Auslese (/de/, lit. 'selected harvest'; plural form is Auslesen) is a German language wine term for a late harvest wine and is a riper category than Spätlese in the Prädikatswein category of the Austrian and German wine classification.

== Harvest ==
The grapes are picked from selected very ripe bunches in the autumn (late November-early December), and have to be hand-picked. Generally Auslese wine can be made in only the best harvest years that have been sufficiently warm. A small proportion of the grapes may be affected by noble rot in some regions although this never dominates the character of the wine. Rheingau winemaker Schloss Johannisberg is generally credited with discovering Auslese wine in 1787.
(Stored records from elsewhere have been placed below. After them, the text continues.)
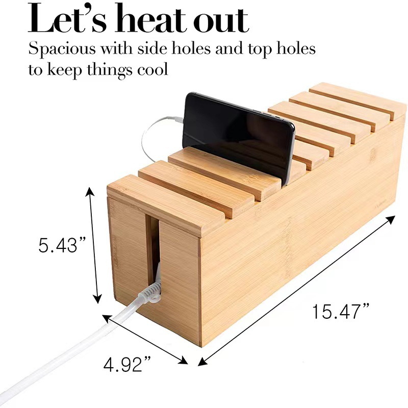 대나무 커버 케이블 저장 상자 데스크탑 플러그인 라우터 데이터 케이블 마무리 상자 나무 와이어 박스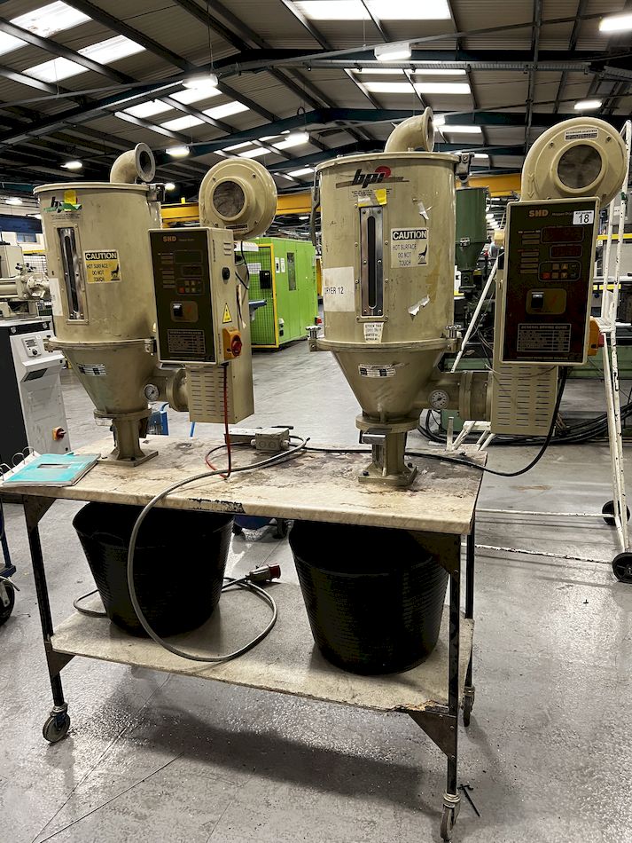 "2 Plastek model SHD25 hopper dryer, year 1998 and 1999 on bench"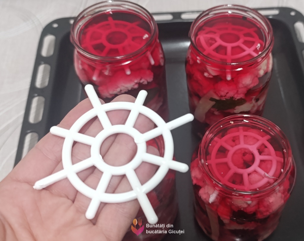 A doua zi, completăm cu conopida care ne-a rămas, deoarece legumele s-au mai tasat. Ca să ne asigurăm că legumele stau scufundate în saramură, putem să punem presatoare speciale sau stinghiuțe. Acum nu ne mai rămâne decât să așezăm borcanele în cămară.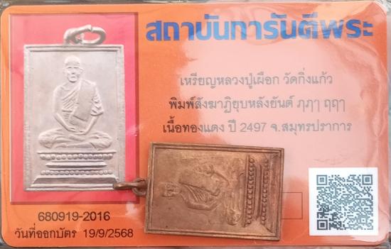 เคาะเดียวแดง++เหรียญหลวงปู่เผือก วัดกิ่งแก้ว ปี2497 พิมพ์สังฆาฏิยุบ นิยม หลังยันต์ครู เนื้อทองแดงผิวไฟ สวยเดิมพร้อมบัตรรับรองครับ

Auslesen are sometimes considered a German dessert wine, especially the wines made from botrytis infected bunches, though it is not as sweet as Eiswein, Beerenauslese (BA), or Trockenbeerenauslese (TBA) dessert wines.

Auslesen can be enjoyed by themselves (aperitif – an "afternoon wine") but are usually best accompanied with food, particularly those that exhibit the hearty characteristics of German cuisine.

The term in Alsace most closely corresponding to Auslese in terms of must weight requirements is Vendange tardive, even though this French term is linguistically equivalent to the German term Spätlese.

== Requirements ==

The minimum must weight requirements for Auslese is as follows:
- In German wine, 83 to 100 degrees Oechsle, depending on the region (wine growing zone) and grape variety.
- In Austrian wine, 21 degrees KMW, corresponding to 105 °Oechsle.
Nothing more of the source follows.